L’unique Mystère du Salut
Le Mystère de la Rédemption s’est accompli « une fois pour toutes » dans l’histoire, totalement et définitivement. Aussi, la victoire n’est plus à renouveler : elle est présente et accessible dans le Mystère. Celui qui est plongé (étymologiquement : « baptisé ») dans ce Mystère, en participant à la mort et à la Résurrection du Christ, celui-là est sauvé : « Celui qui croira et sera baptisé, sera sauvé. » Mais comment une telle participation est-elle possible, au cours des temps, pour ceux qui ne sont pas contemporains du Mystère ?
Un mystère éternel, toujours présent
Exalté à la droite du Père au jour de l’Ascension, le Seigneur y exerce un sacerdoce éternel, par lequel il offre à son Père les mystères du Salut accomplis « aux jours de sa chair ». Tous ces mystères historiques, ceux que préfigura l’Histoire Sainte, ceux qu’il accomplit en chaque heure de sa vie terrestre et porta à leur achèvement dans le sacrifice de la Croix, tous demeurent présents et agissants dans la gloire sans fin de la Résurrection.
Parce que ces mystères sont éternellement actuels, il est possible à tout homme d’en devenir contemporain, pour autant qu’il rejoigne le Christ vivant dans ses mystères pour y comunnier.
La liturgie, porche de l’éternité
C’est le rôle de la liturgie de faire entrer l’homme dans cette communion aux mystères du Christ et ainsi le faire participer au Mystère du Salut. Le concile Vatican II l’exprime ainsi : « Dans la liturgie terrestre nous participons par un avant-goût à cette liturgie céleste qui se célèbre dans la Cité sainte de Jérusalem (…), là où le Christ siège à la droite de Dieu, comme ministre du sanctuaire et du vrai tabernacle » (SC 8).
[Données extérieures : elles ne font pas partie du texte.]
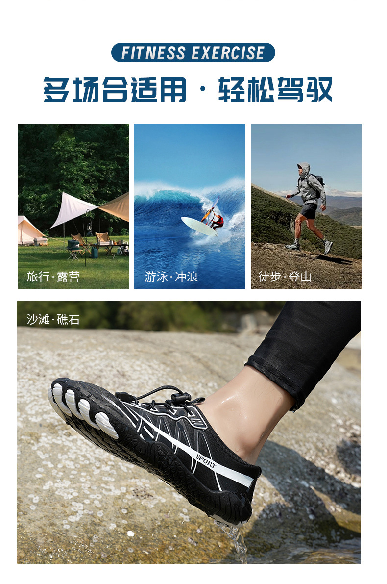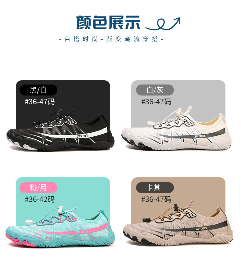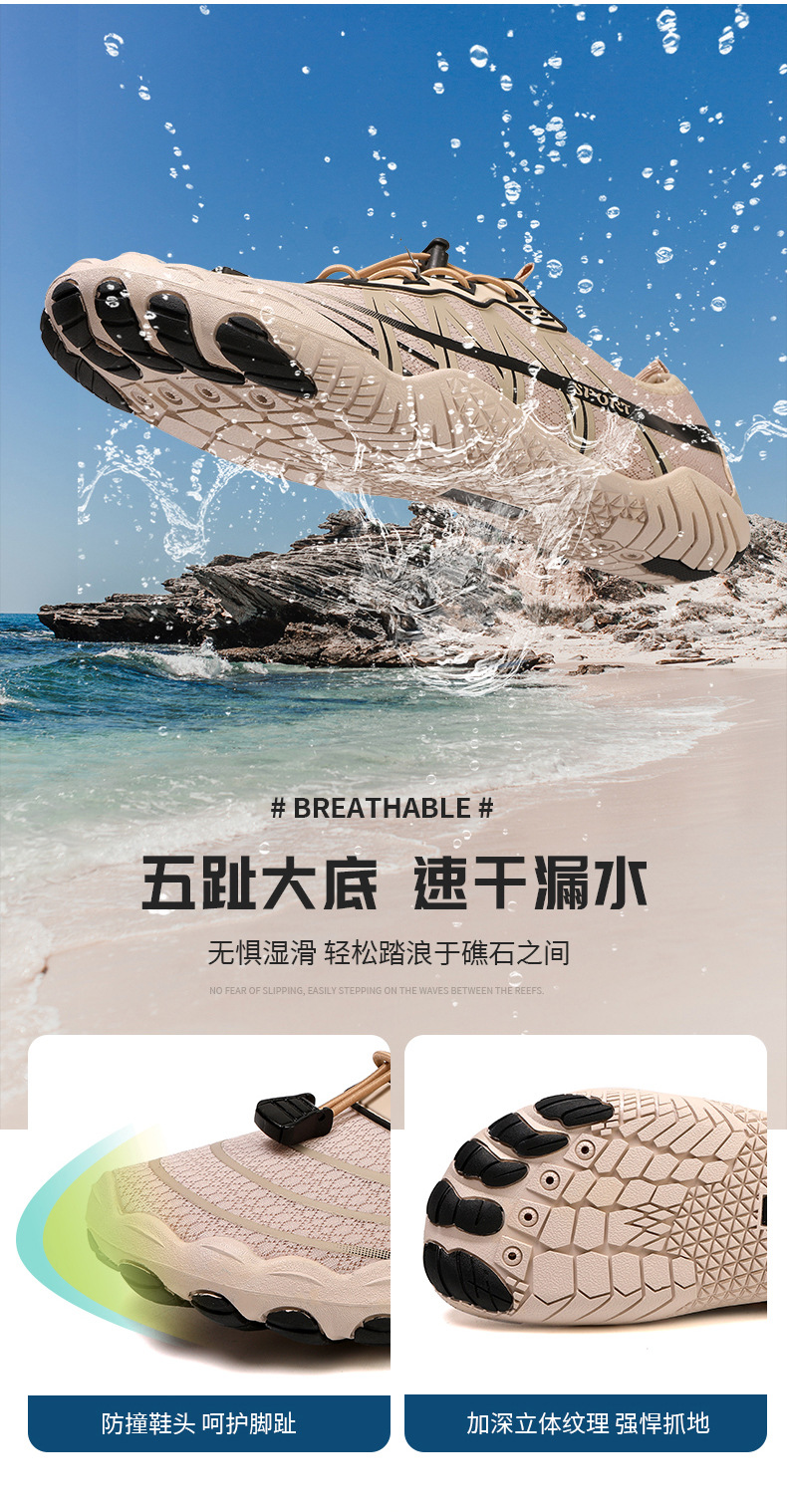 남성용 신형 속건성 통기성 낚시 및 웨이딩 슈즈, 여성용 비치 피부 친화적인 수영 다섯 손가락 슈즈, 야외용 리버 트레이싱 슈즈스토어 가기

Comment est-ce possible ? Rappelons-nous que le baptême fait de nous les membres du Christ : vivant de son Esprit, nous ne formons qu’un Corps avec lui. De ce fait, nous lui sommes associés et, rendus participants de son sacerdoce, nous sommes capables de célébrer « par lui, avec lui, et en lui » les mystères du Salut, et en premier lieu « le Sacrifice qui est digne du Père et qui sauve le monde ». L’Eucharistie, parce qu’elle rend présent le Mystère pascal de Jésus, nous introduit à la totalité du Mystère. Tout le Mystère du Christ est dans le mystère de l’Eucharistie !
Un Mystère déployé dans l’année liturgique
L’Eucharistie est le Mystère des mystères, car elle nous rend contemporains et immédiatement bénéficiaires de la plénitude du culte divin, de la totalité des mystères de l’Histoire Sainte, de la vie et du ministère de Jésus, de sa Passion et de sa Résurrection.
C’est l’année liturgique qui nous fait revivre l’un après l’autre chacun de ces actes historiques désormais éternels : les annonces prophétiques, l’Incarnation, la circoncision et le baptême de Jésus, sa tentation au désert, sa dernière Cène et sa Passion, sa mort et sa Résurrection, son Ascension dans le Ciel et sa glorification… Chacun de ces actes nous apporte sa grâce propre – la grâce liturgique – rayon chaque jour différent de l’unique grâce du Salut, qu’il nous faut recueillir en participant attentivement aux mystères.
Célébrer l’Eucharistie en l’inscrivant dans le déroulement de l’année liturgique, c’est communier avec le Christ à chacun de ses mystères afin de recevoir les grâces que le Seigneur y a attachés en les vivant Lui-même. Ainsi, tout au long de l’année liturgique, à chaque Eucharistie, la grâce du Mystère pascal vient nous rejoindre d’une manière particulière, nous aidant ainsi à l’accueillir et à la faire nôtre. Ou plutôt, à l’image de Zachée qui entre dans la Vie en recevant le Christ, c’est finalement la grâce qui nous accueille en elle et nous invite à l’habiter avec chacune de nos journées, de nos joies et de nos misères.